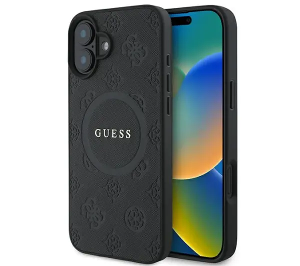 Etui Guess Saffiano Peony Classic Logo MagSafe do iPhone 16 Czarny
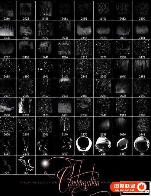 图穷联 » [PS笔刷]67款高清逼真玻璃水珠凝露水滴水雾雨水PS笔刷ABR画笔预设 Rons
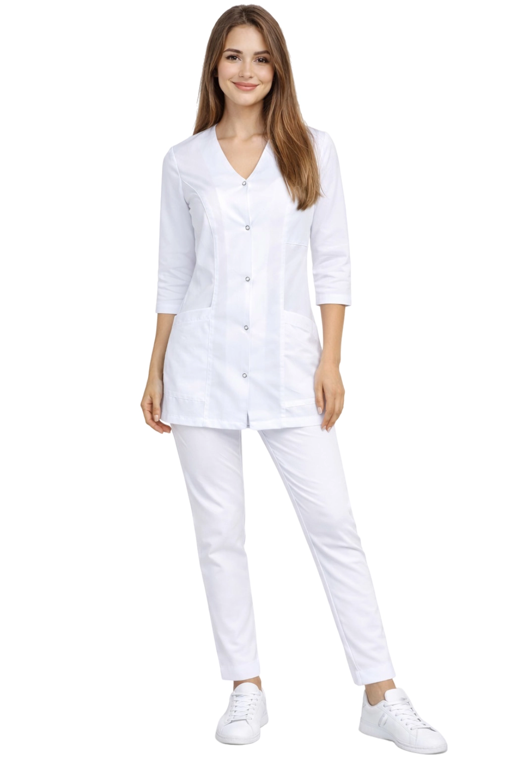 Елегантният, талииран крой с къс ръкав подчертава фигурата и осигурява комфорт при носене през целия ден. Закопчаване с копчета улеснява бързото обличане и сваляне, а трите практични джоба (два в района на бедрата и един на гърдите) позволяват да имате най-необходимите аксесоари винаги на разположение.
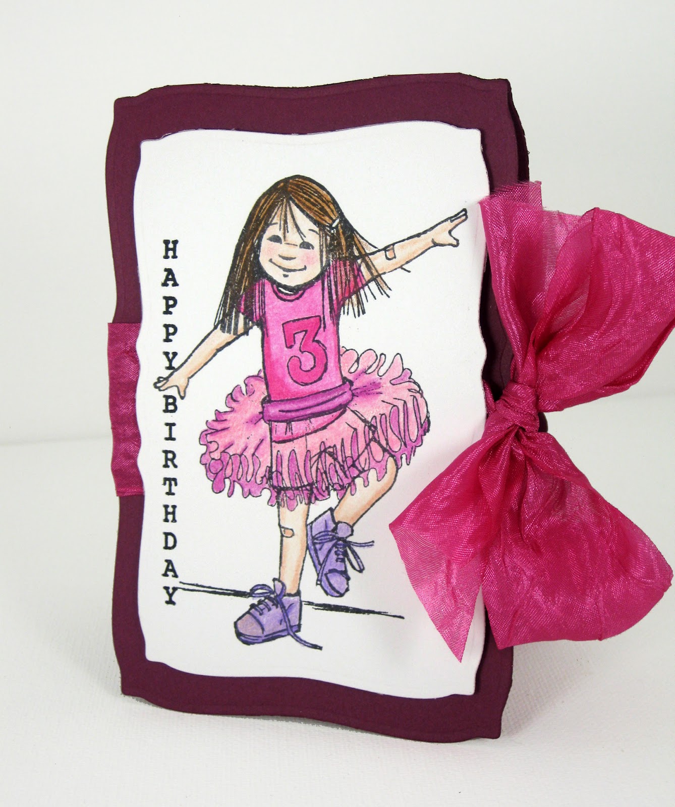Hello and welcome to my bloggy blog! I am going to be posting {hopefully} a few cards today in honor of World Card Making Day. I am playing along today with Unity Stamp Company's challenges. So fun, join in if you can! The first challenge is to create a shaped card. Here is mine. I used my Spellbinder Nestabilities to create the card base and Unity's Phyllis Harris co-branded stamps. I just LOVE coloring in her sweet images. {Hint hint: They are actually running a sale right now on these gems.}

** What you should do **
Your answer must contain the full data, repeated exactly, without pictures.

** Exercise result **
 Etui Guess Saffiano Peony Classic Logo MagSafe do iPhone 16 Czarny
 图穷联 » [PS笔刷]67款高清逼真玻璃水珠凝露水滴水雾雨水PS笔刷ABR画笔预设 Rons
 Елегантният, талииран крой с къс ръкав подчертава фигурата и осигурява комфорт при носене през целия ден. Закопчаване с копчета улеснява бързото обличане и сваляне, а трите практични джоба (два в района на бедрата и един на гърдите) позволяват да имате най-необходимите аксесоари винаги на разположение.
Hello and welcome to my bloggy blog! I am going to be posting {hopefully} a few cards today in honor of World Card Making Day. I am playing along today with Unity Stamp Company's challenges. So fun, join in if you can! The first challenge is to create a shaped card. Here is mine. I used my Spellbinder Nestabilities to create the card base and Unity's Phyllis Harris co-branded stamps. I just LOVE coloring in her sweet images. {Hint hint: They are actually running a sale right now on these gems.}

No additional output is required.